Study material -
++++++++++++++++++++
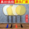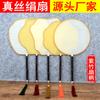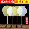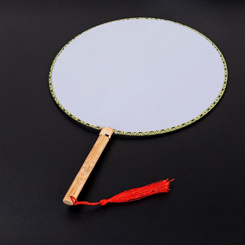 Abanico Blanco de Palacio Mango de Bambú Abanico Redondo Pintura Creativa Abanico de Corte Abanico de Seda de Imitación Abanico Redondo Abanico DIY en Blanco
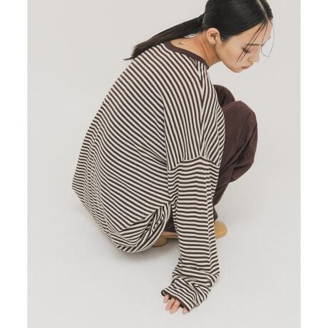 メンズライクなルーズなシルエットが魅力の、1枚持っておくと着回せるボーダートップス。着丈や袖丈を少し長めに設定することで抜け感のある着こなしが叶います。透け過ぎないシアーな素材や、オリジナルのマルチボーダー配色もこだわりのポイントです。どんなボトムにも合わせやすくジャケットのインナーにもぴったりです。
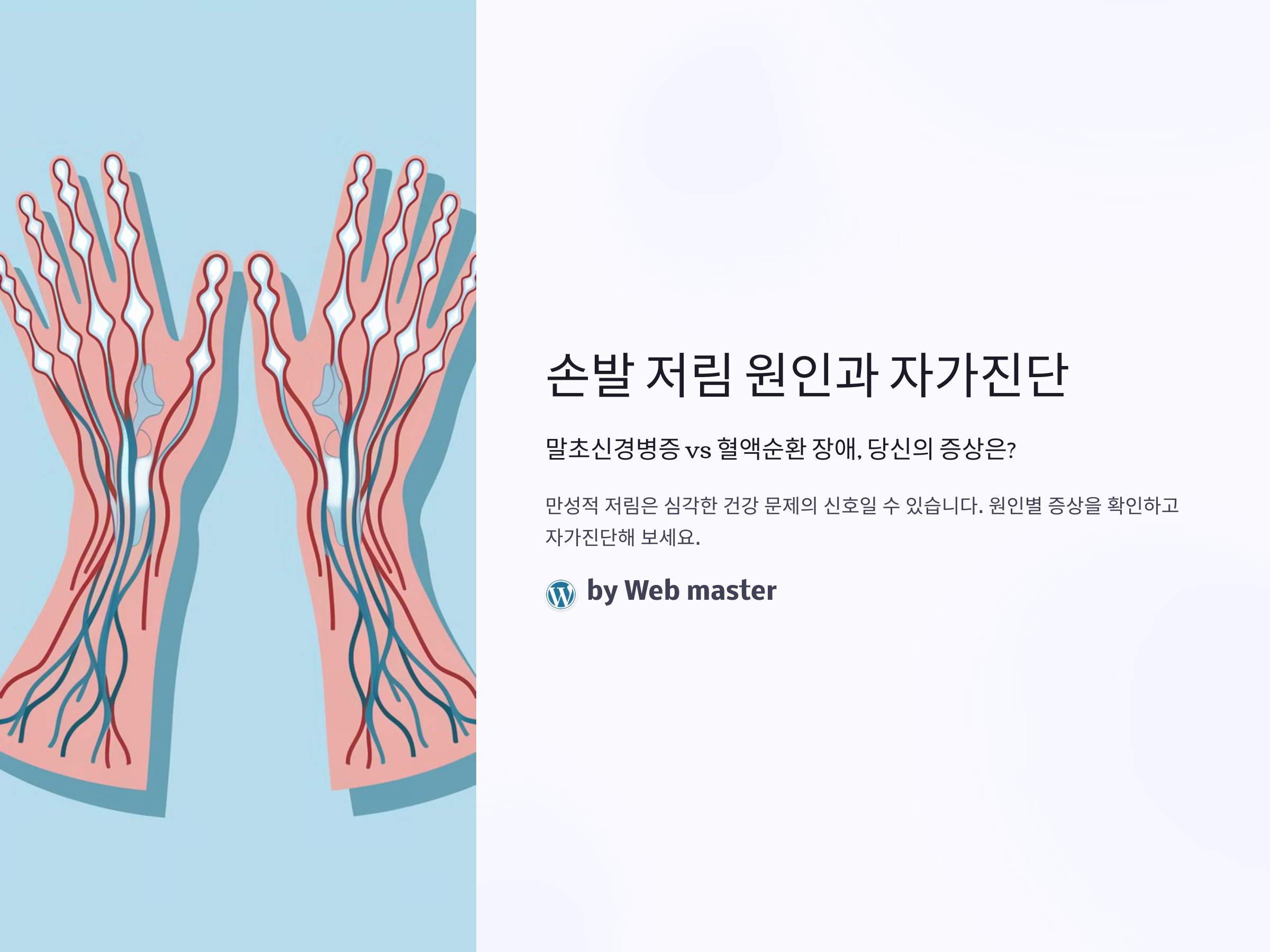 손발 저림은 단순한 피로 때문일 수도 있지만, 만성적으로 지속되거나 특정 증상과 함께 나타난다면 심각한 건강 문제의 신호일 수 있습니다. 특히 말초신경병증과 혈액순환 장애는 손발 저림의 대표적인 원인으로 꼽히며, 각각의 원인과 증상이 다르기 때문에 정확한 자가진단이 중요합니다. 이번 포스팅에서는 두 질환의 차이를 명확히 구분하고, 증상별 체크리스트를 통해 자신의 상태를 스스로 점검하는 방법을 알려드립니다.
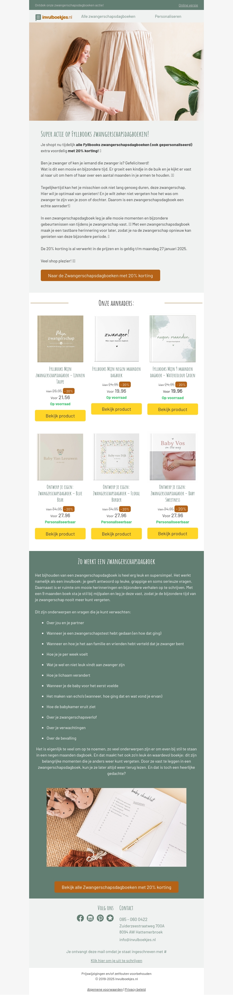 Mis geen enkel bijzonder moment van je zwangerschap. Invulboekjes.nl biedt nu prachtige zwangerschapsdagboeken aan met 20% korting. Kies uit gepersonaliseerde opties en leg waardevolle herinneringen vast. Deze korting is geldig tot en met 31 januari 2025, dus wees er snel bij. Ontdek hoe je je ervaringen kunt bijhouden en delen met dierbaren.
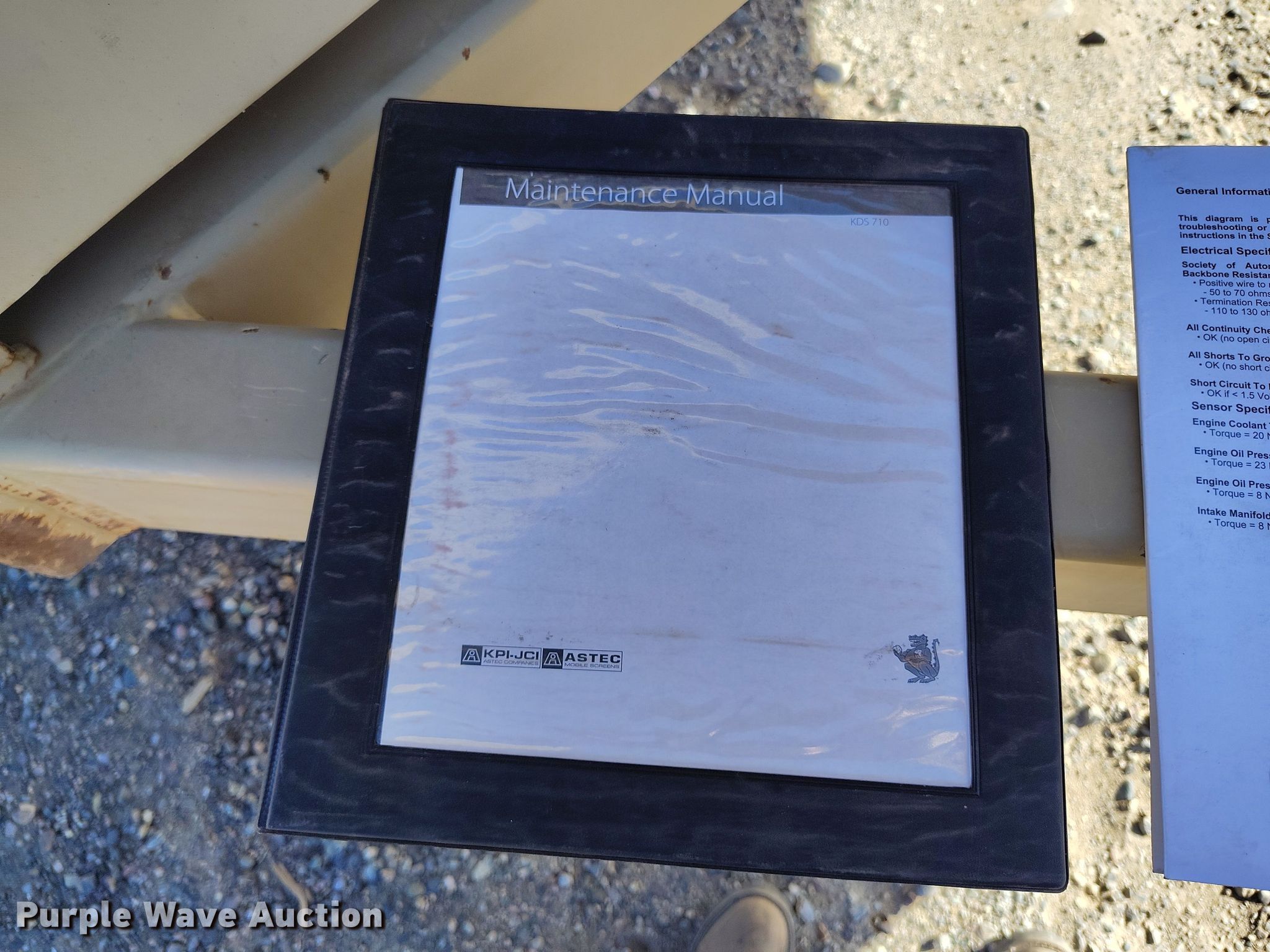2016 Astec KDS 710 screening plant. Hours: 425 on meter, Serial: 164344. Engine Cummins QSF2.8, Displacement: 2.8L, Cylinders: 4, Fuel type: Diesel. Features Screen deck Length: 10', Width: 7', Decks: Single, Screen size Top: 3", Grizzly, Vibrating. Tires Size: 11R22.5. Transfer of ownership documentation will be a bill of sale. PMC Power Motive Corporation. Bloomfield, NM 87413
++++++++++++++++++++
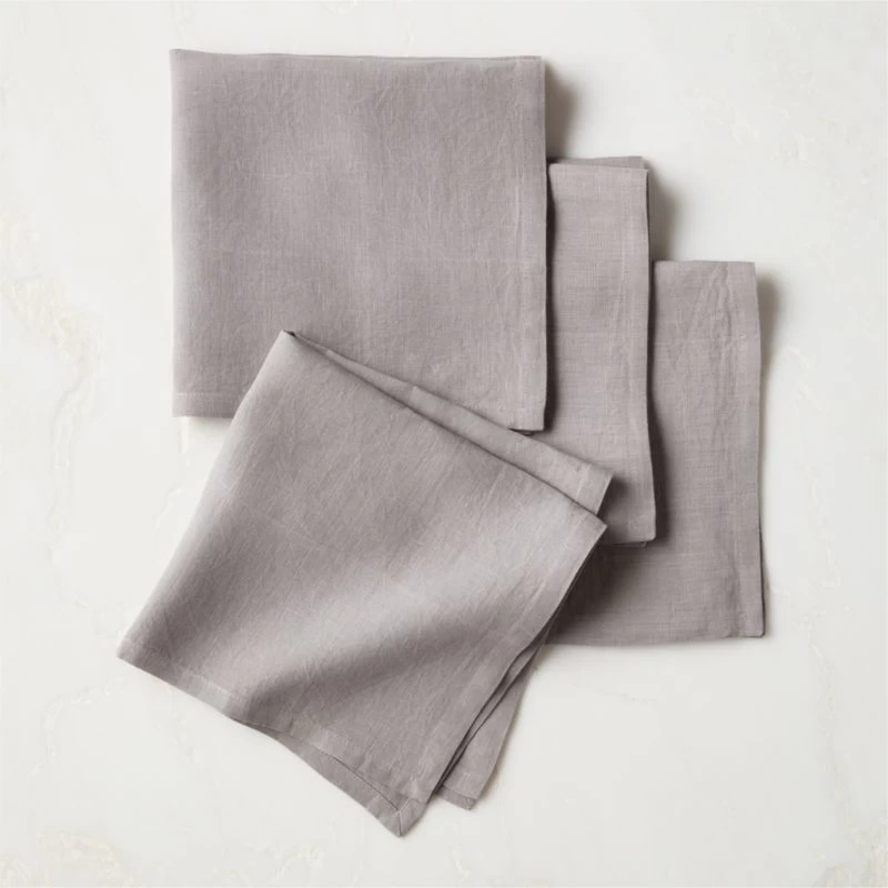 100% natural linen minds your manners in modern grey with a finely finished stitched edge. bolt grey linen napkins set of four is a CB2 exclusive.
++++++++++++++++++++
Instructions for the task - In the listing above, the required lines run from the line with "Abanico Blanco de" through the line with "メンズライクなルーズなシルエ". Output exactly those lines, omitting pictures.

Response area -
 Abanico Blanco de Palacio Mango de Bambú Abanico Redondo Pintura Creativa Abanico de Corte Abanico de Seda de Imitación Abanico Redondo Abanico DIY en Blanco
 メンズライクなルーズなシルエットが魅力の、1枚持っておくと着回せるボーダートップス。着丈や袖丈を少し長めに設定することで抜け感のある着こなしが叶います。透け過ぎないシアーな素材や、オリジナルのマルチボーダー配色もこだわりのポイントです。どんなボトムにも合わせやすくジャケットのインナーにもぴったりです。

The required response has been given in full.